When I first sat down to develop quirky comix in the late Eighties, the very first ones I came up with were True Stories. I had a sketchbook full of overheard conversations and observed urban weirdness. Here's an example (above) from 1989. Not only does this page, drawn in a favorite coffee shop, contain a True Story, it also features the doodle where I came up with the name of the strip!
It was an exciting time of explosive creative output. I added a rotating cast of characters to the mix: White Middle Class Suburban Man, The Women With Big Hair and the psychotic yuppies, Mindy and Blaine. Longtime readers will remember these. But one week a month was always reserved for a True Story. It was a dose of realism that gave The City its pedigree. No matter how much the strip changed over nearly a quarter century, even after I dropped almost all my original characters and morphed a silly Gen X humor strip into a savage political one, the True Stories remained.
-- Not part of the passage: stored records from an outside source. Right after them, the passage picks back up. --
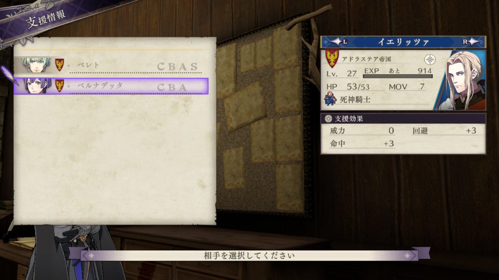 ところでこちらのルート、まさかの次とその次のマップで終わりとなっており……前回の青獅子と比べると少し短い!ゆえに色々とクラスチェンジや支援など間に合わず切なかった。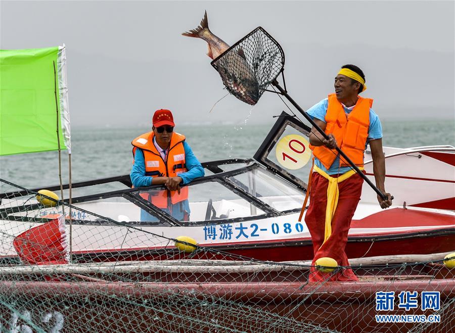6月22日,博湖县的鱼把头将开湖季打的第一网鱼捞起。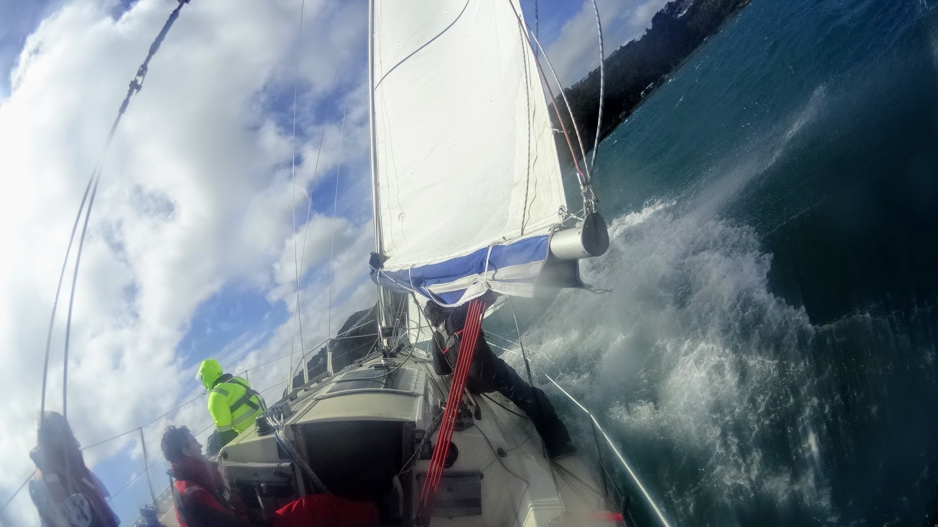 By the time we rounded Pt Halswell, we noticed Tamerlane, Saucy Sausage and Incantare had already pulled out of the race. We then had an exhilarating sail on a broad reach down to the Front Lead – surfing the waves at over 8 kts at times.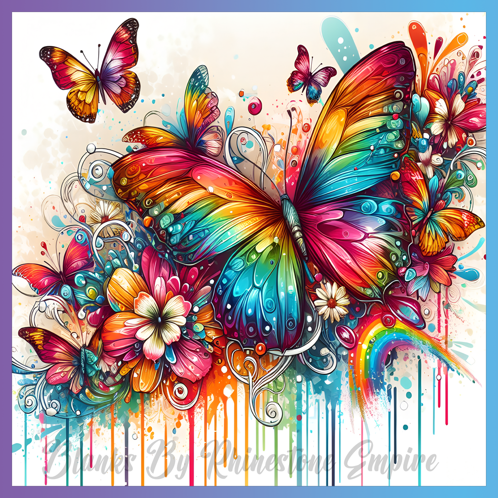 Theme: Butterfly with colorful, flowers, abstract, art.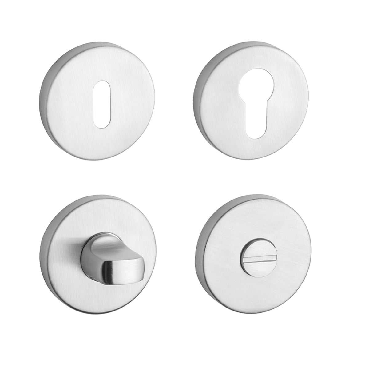 Rozeta má otvor určený pre: interiérový kľúč (BB), cylindrickú vložku (PZ), alebo WC set s integrovaným otočným kľúčom.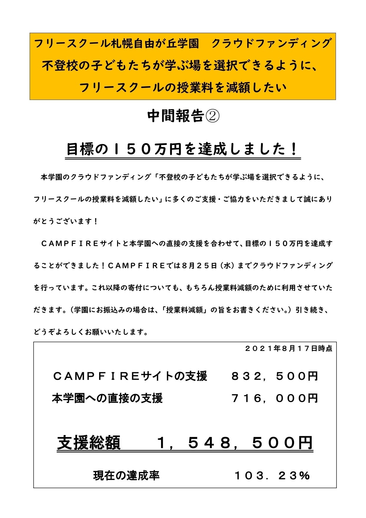 2021/08/18 09:15CAMPFIREサイトと学園への直接の寄付を合わせて、目標の150万円を達成しました!ありがとうございます!! もっと見る

If The City was known for anything over the years, it was these stories. Here's an early one, above, from 1992. This is the format they'll be published in. I view them as diary entries.... one-page short stories. It's thematically cohesive, unlike the rest of The City, so collecting them made perfect sense. I think you're really going to like these volumes.
The publishing schedule is a little whacked. Volume One, above, will collect True Stories from 2002 to 2008, what I consider the peak years. 2008 had me winning the Robert F. Kennedy Award for political cartoons and with Lynda Barry tabbing a portfolio of True Stories for the 2008 edition of Best American Comics.
We'll have to wait awhile for subsequent volumes, since the new Trashed graphic novel is slated for 2015 and I can't have anything competing on the shelves with that. After that, Volume Two will cover strips from 2009 to the end in 2014. Then it's back in time for Volume Three, with True Stories from 1996 to 2001. Volume Four will include my earliest True Stories, from The City's debut in 1990 to 1995. Those last two volumes are dramatically different stylistically than my later work. I've never been a creator that stays in one place. I like those stories, but some of the artwork is, frankly, dogshit.
It's possible these last two volumes may be stretched out to three. I need to visit my archive of originals at the Ohio State Cartoon Museum, since my digital archive of this years is sparse.
There'll be a pre-order option, which I'll post as soon as I can. True Stories: Volume One will debut at the SPX con in DC.